Regarding the historical Jesus, Wright stands broadly in the tradition of Albert Schweitzer (thoroughgoing eschatology), against what he sees as the thoroughgoing scepticism of William Wrede (famous for his thesis on the Messianic Secret in the Gospel of Mark as an apologetic and ahistorical device) and the Jesus Seminar, Wrede's modern-day counterparts.[27][page needed] He tends to agree with and laud such scholars as E.P. Sanders and the lesser-known Ben F. Meyer (whom Wright calls "the unsung hero" of New Testament studies),[28] although he thinks Sanders and others go too far in their use of form criticism. He also thinks it is a mistake to say that Jesus expected the imminence of the end of history, as Schweitzer thought,[27][page needed] but rather thinks that Jesus spoke of the Kingdom of God as something both present and future. He has also defended a literal belief in the Second Coming and the resurrection of the dead as central to Christianity.[5]

Wright has also received criticism in some more liberal theological circles, e.g. by Robert J. Miller. In contrast, the Jesus Seminar's Marcus Borg, with whom Wright shares mutual admiration and respect, has co-authored with Wright the book The Meaning of Jesus: Two Visions.[4] In 2005, at the Greer-Heard Point-Counterpoint Forum, Wright also conversed with Jesus Seminar co-founder John Dominic Crossan as to the historicity of Jesus' resurrection. Wright and Crossan, who also hold mutual admiration for one another, hold very different opinions on this foundational Christian doctrine. For Crossan, the resurrection of Jesus is a theological interpretation of events by the writers of the New Testament. For Wright, however, the resurrection is a historical event—coherent with the worldview of Second Temple Judaism—fundamental to the New Testament.[29]

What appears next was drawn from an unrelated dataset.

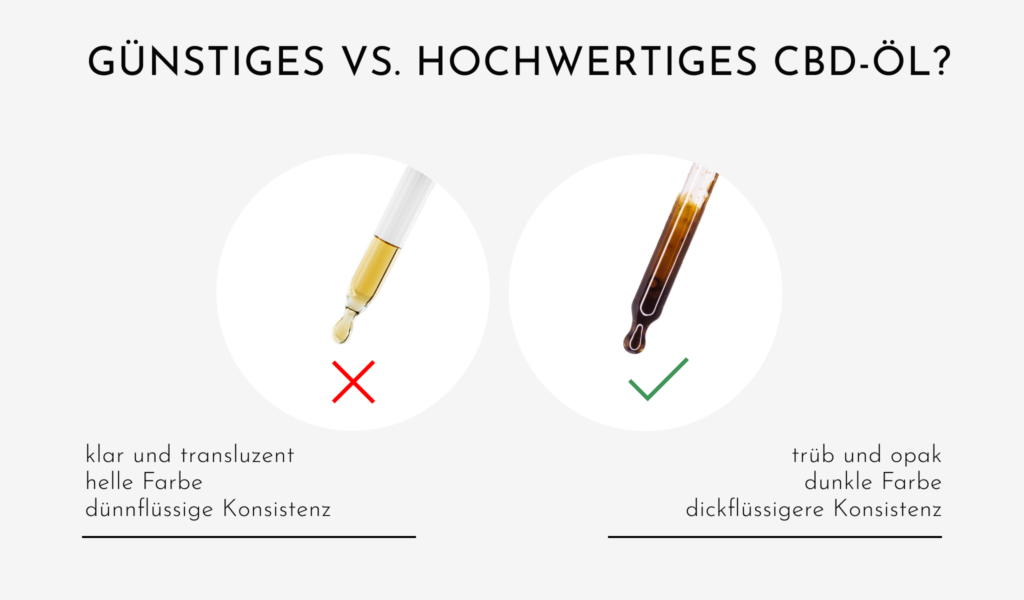 Bei vielen der auf dem Markt erhältlichen Öle wurden die ganzen Pflanzenbestandteile und Bitterstoffe herausgefiltert. Diese Öle, die meist durch Einsatz von CBD-Extrakten oder -Isolaten hergestellt werden, sind dann in der Regel klar und durchsichtig.

With the publication of Wright's 2012 book, How God Became King: The Forgotten Story of the Gospels, Wright has been critical of some ideas concerning the historical Jesus in both American evangelical preaching and the work of C.S. Lewis, who Wright admits was a major influence in his own life. In an interview,[30] Wright summarises this critique: "One of the targets of this book is Christians who say: Yes, the Bible is true. It’s inerrant and so on. But, then, they pay no attention to what the Bible actually says. For too many Christians it seems sufficient to say Christ was born of a Virgin, died on a cross and was resurrected—but never did anything else in between. I’m saying: That’s not the way to understand the Gospels."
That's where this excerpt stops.